1

Hi I am trying to use csv library to convert my CSV file into a new one.

The code that I wrote is the following:

import csv
import re

file_read=r'C:\Users\Comarch\Desktop\Test.csv'
file_write=r'C:\Users\Comarch\Desktop\Test_new.csv'

def find_txt_in_parentheses(cell_txt):
    pattern = r'\(.+\)'
    return set(re.findall(pattern, cell_txt))

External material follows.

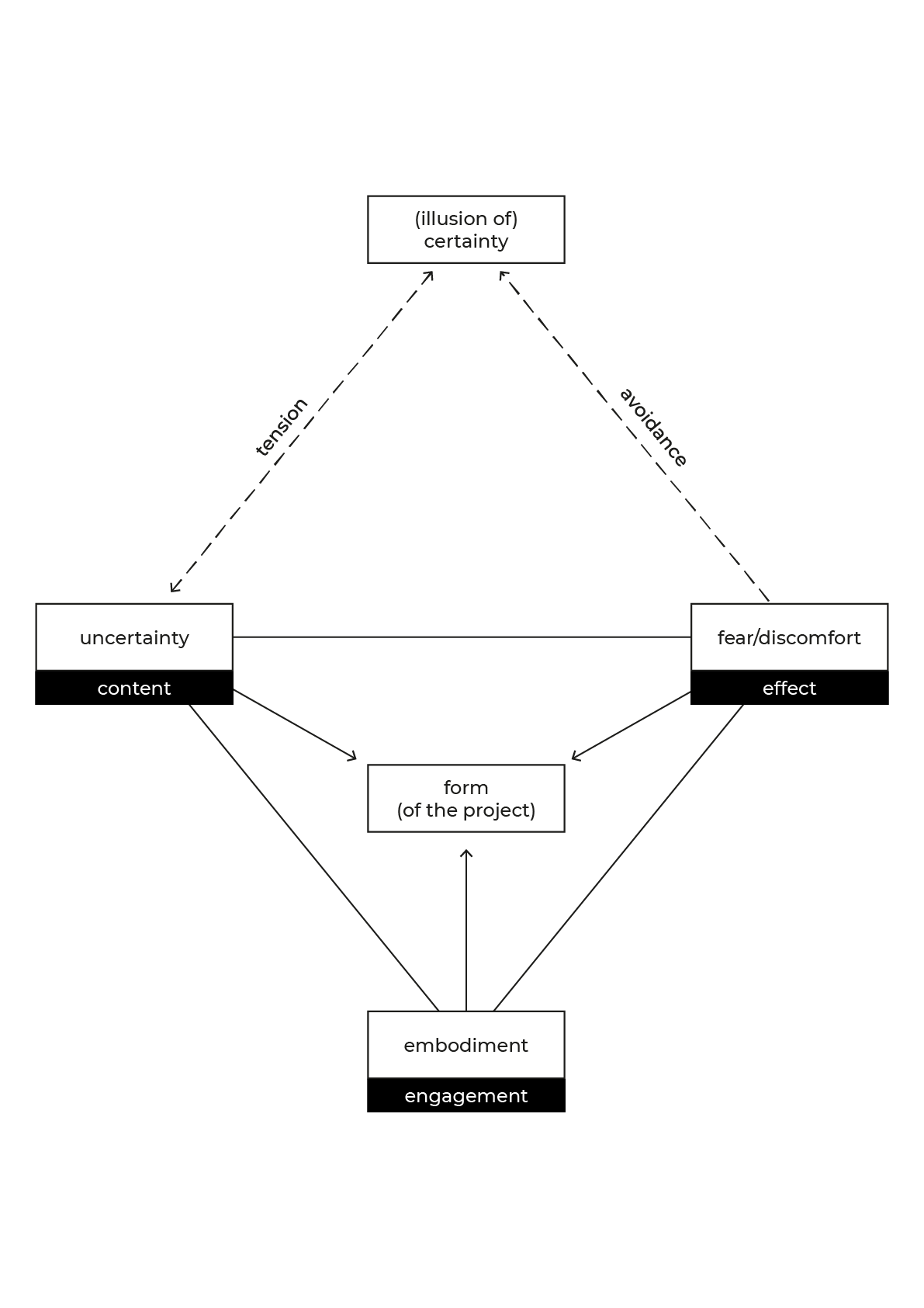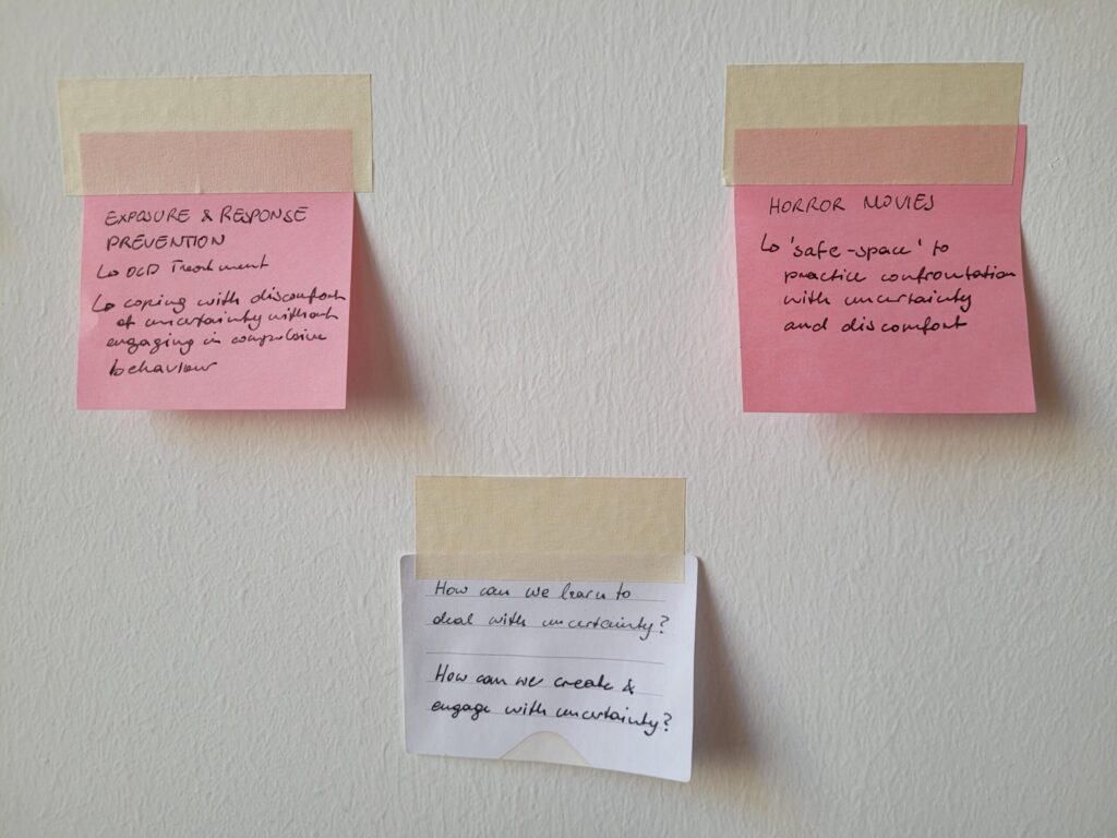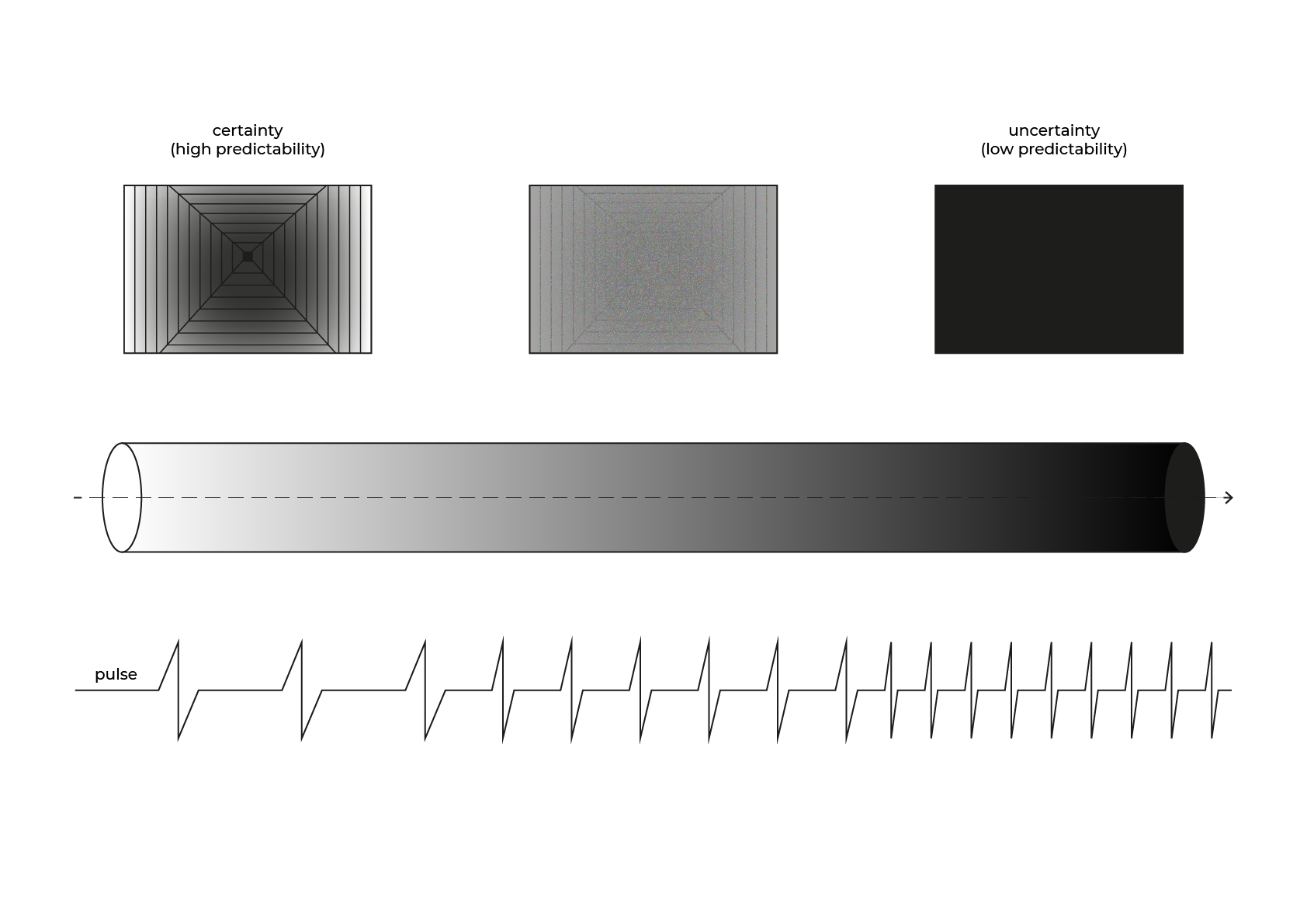 It would be an audio(visual) installation that reacts and gives feedback to the pulse of the viewer. I want to implement the connection to the heart rate in order to adapt the structure and pace of building suspense and uncertainty to the physiological experience of the viewer, as well as reflect their own (physiological) reaction back to them. The goal of the experience should be to make people question and reflect on their own ability and mechanisms they use to cope with uncertainty and fear (of the future) and possibly enable them to reframe how they experience fear and uncertainty in a way that is productive.

with open(file_write, 'w', encoding='utf-8-sig') as file_w:
    csv_writer = csv.writer(file_w, lineterminator="\n")
    with open(file_read, 'r',encoding='utf-8-sig') as file_r:
        csv_reader = csv.reader(file_r)
        for row in csv_reader:
            cell_txt = row[0]
            txt_in_parentheses = find_txt_in_parentheses(cell_txt)
            if len(txt_in_parentheses) == 1:
                txt_in_parentheses = txt_in_parentheses.pop()
                cell_txt_new = cell_txt.replace(' ' + txt_in_parentheses,'')
                cell_txt_new = txt_in_parentheses + '\n' + cell_txt_new
                row[0] = cell_txt_new
            csv_writer.writerow(row)

The only problem is that in the resulting file (Test_new.csv file), I have CRLF instead of LF. Here is a sample image of:

  • read file on the left
  • write file on the right:

enter image description here

And as a result when I copy the csv column into Google docs Excel file I am getting a blank line after each row with CRLF.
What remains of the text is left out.